Critical Lower Limb Ischaemia
A 67 year-old male with history of type II diabetes mellitus, diabetic neuropathy, dyslipidemia, bilateral lower limb arterial occlusive disease and hypertension presented with bilateral lower extremity pain, more severe on the left side. The patient’s renal function was moderately reduced with an estimated glomerular filtration rate of 36 mL/min/m 2 . A lower extremity MRA study was requested to assess the extent of peripheral vascular disease and guide a treatment plan.
Initial non-contrast MR angiography was performed with quiescent interval single shot (QISS) imaging, employing a tracking saturation pulse positioned towards the feet to suppress venous inflow, a non-selective saturation pulse to reduce signal from stationary tissues, and a fat-suppression pulse to further reduce signal from fat.
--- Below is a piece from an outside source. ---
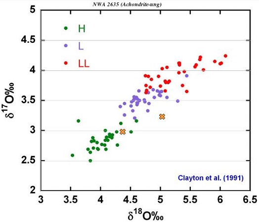 Based on the completed O-isotope analyses, it is evident that the ratios plot on an oxygen three-isotope diagram slightly outside of the main field of H chondrites while still overlapping the fields that resolve the H chondrite–IIE iron parent body. Further studies will be needed to examine the possibility that the O-isotope ratios might have been shifted due to open system aqueous flows on the H chondrite parent body. Given that NWA 2635 is a recrystallized, texturally evolved chondrite with elemental ratios and an O-isotopic composition showing affinities to the H chondrite group, it is appropriately assigned to the newly proposed group of metachondrites (Irving et al., 2005).

QISS MRA is ECG gated, with diastolic-phase triggered data acquisition. Images were acquired from the feet upwards to the upper abdominal aorta.
Contrast-enhanced MR angiography was then performed with time-resolved MR angiography of the calves (TWIST) followed by bolus-chase MR angiography of the abdominal aorta and lower extremities. The bolus-chase acquisition was divided into three separate stations: abdomen/pelvis, thighs, and calves. A single dose of gadobutrol (Gadavist, Bayer Healthcare Pharmaceuticals Inc, Wayne, NJ) was diluted to 50% with normal saline, with ¼ of the contrast administered for time-resolved MR angiography (1 cc/sec) and ¾ of the dose administered for bolus-chase MR angiography (split biphasically into ½ dose @ 2mL/s and ¼ dose at 0.6 mL/s).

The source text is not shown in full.